The Loneliness of Sitting With Yourself
No one tells you about the loneliness. They tell you to go to therapy, journal, pray, meditate. But they don’t prepare you for what happens after the therapist’s office is closed, the journal is filled with words that no longer make sense, and prayer feels like whispering into an empty sky.
Healing will make you sit with yourself. Your raw self. The self without achievements, without followers, without applause. Just you.
Healing will sit you down to yourself. Your raw self. The self who has no achievements, no followers, no applause. Just you.
And when you have spent your entire life in trying not to be yourself: in being busy, having friends, achieving things, that is when it becomes unbearable.
Yet in the face of loneliness it turns out to be intimacy. You start to regard yourself as it is, wounds, scars, the beauty lurking beneath it all. You cease acting and begin to exist.
Healing is not only bloody and lonely, but it is sincere. Brutally honest.
It is knowing that you had been in a relationship long enough to not be in love but because you were afraid of being alone. It is coming out to acknowledge the fact that you took the job not because you loved it, but because your father desired it. It means admitting that you are mad at the people who will never make amends and that you are still holding grudges that you claimed to have gotten rid of.
Healing compels you to quit lying to yourself. And when the truth becomes known--it is painful. But it also frees.
Dark affirmation: You don’t have to fix what was never broken. You only need to stop pretending the cracks don’t exist.
I recall a friend telling me of the day when she eventually left her marriage. She had been years praying the change to come, and love to come back, trying to hold the home together on behalf of the children. She believed that being there, surviving and sacrificing even more would restore her health.

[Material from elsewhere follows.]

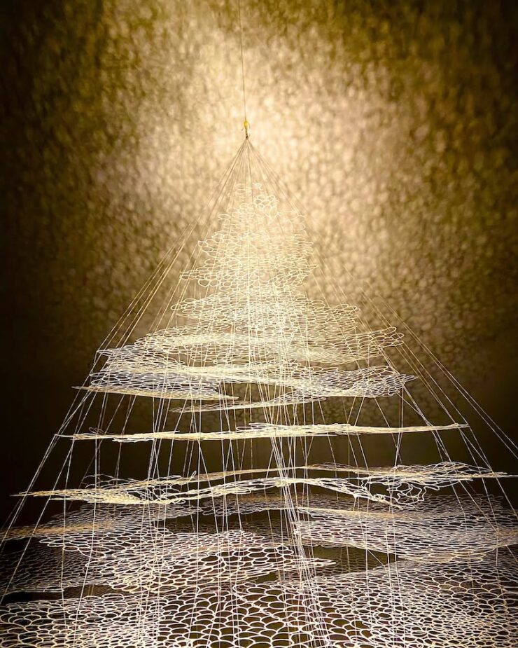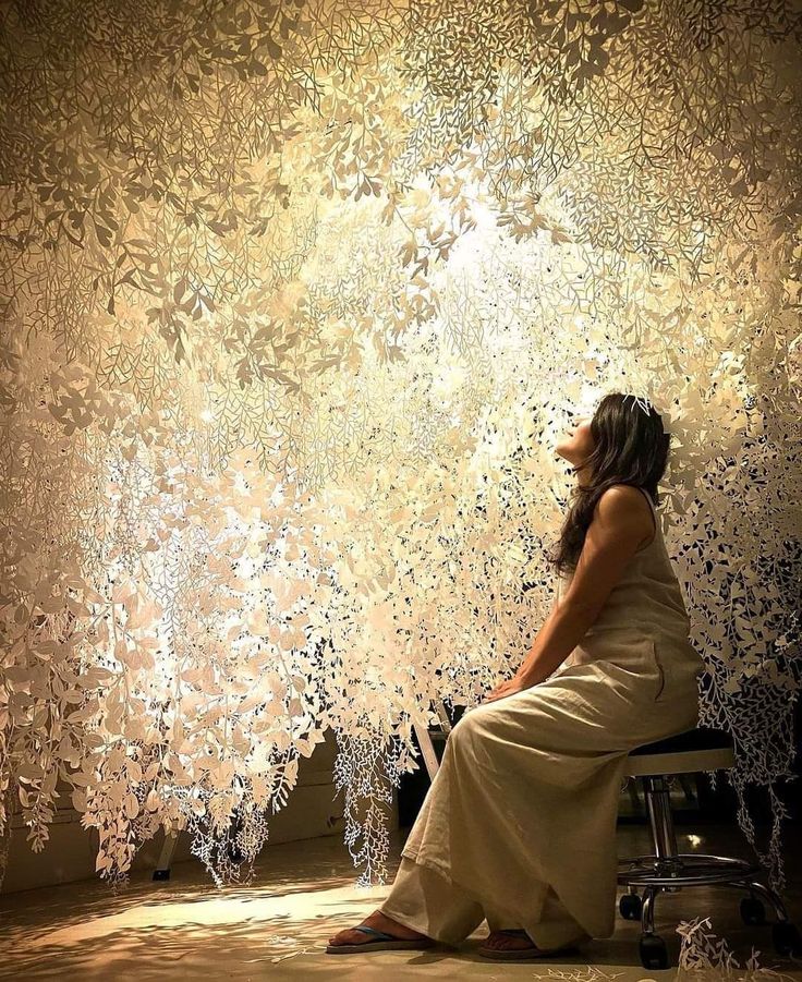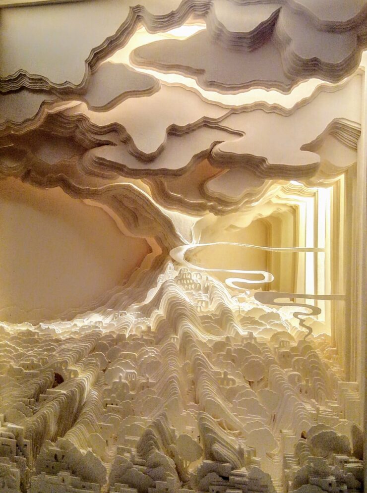 Le sue abili forbici recidono e intagliano i fogli, rigorosamente bianchi, che si configurano via via a guisa di reti, o ragnatele, o ricami, o radiografie di elementi, alberi, paesaggi immaginari, città ideali, ondulazioni, increspature, vortici soavi, impronte e fluttuazioni… un artigianato albino su cui luci – strategicamente posizionate – e ombre ne amplificano ritmi e intensità. Una specie di fase delle fasi capace di associare e far lievitare il sogno… quello di un mondo in cui gli esseri umani e la natura convivano pacificamente. Non a caso, le sue sculture si richiamano anche ai concetti dello Yin e Yang, le due potenze inverse e complementari che si integrano e si completano vicendevolmente, determinando l’armonia dell’universo. Lo Yin è abbinato a ciò che è passivo, indifferente, vacuo, mentre lo Yang è abbinato a ciò che è attivo, vivido, pervaso.

Healing came when she packed her bags. It was on the day she walked out--not because it was easy, but because she knew that the only one that was dying in that house was she.

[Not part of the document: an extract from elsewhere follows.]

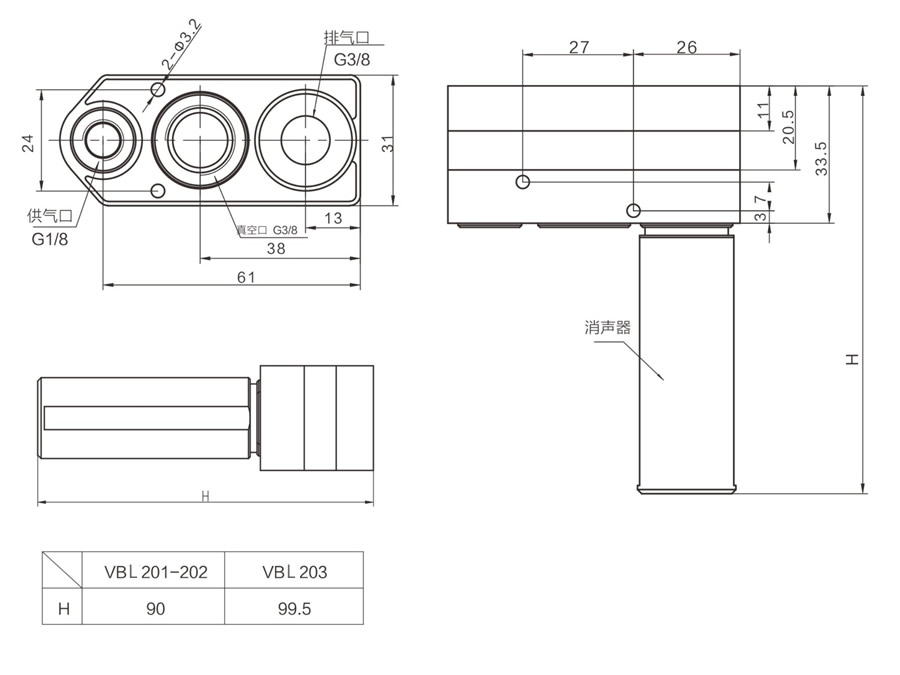 | 規(guī)格 | 供氣口 | 真空口 | 排氣口 |

It wasn’t a day that I felt strong, she said to me, when I left. I felt broken. But this time for the first time it was my breaking.
That is the truth of healing: it is not necessarily a sense of victory. It even seems like falling apart. Neither can collapse be unholy.
You are not failing, if you are in the midst of it--if you are bleeding, or lonely, or choking on truths that you never wanted to know.
This is healing. This is the way it looks when you take the filters off and the timelines and the expectations off. There is no linear, no pretty, no social-media-worthy healing.
But it is real.
And on the other side of the blood, the solitude, the sincerity,--you will find something unshaken. Yourself.
Not the one your parents made you believe. Not this one of you that was forced to perform, please, and prove. Even when you did not think it, the self that was always sufficient.
Healing isn’t beautiful in the way we imagine. It’s not flowers and soft music. It’s not quick or easy. It’s bloody, lonely, and honest.
But maybe that’s the beauty of it. Not the polished version, but the raw one. The version that reminds you that scars aren’t signs of weakness—they’re proof that you survived what tried to end you.
So if you’re there, in the dark, don’t rush. Don’t shame yourself for not being “better” already. Don’t let the world trick you into thinking healing should look like a photoshoot.
Let it be messy. Let it be real. Let it be yours.
And when it hurts the most, remember this: even in the blood, even in the loneliness, even in the honesty—you are becoming. And that is enough.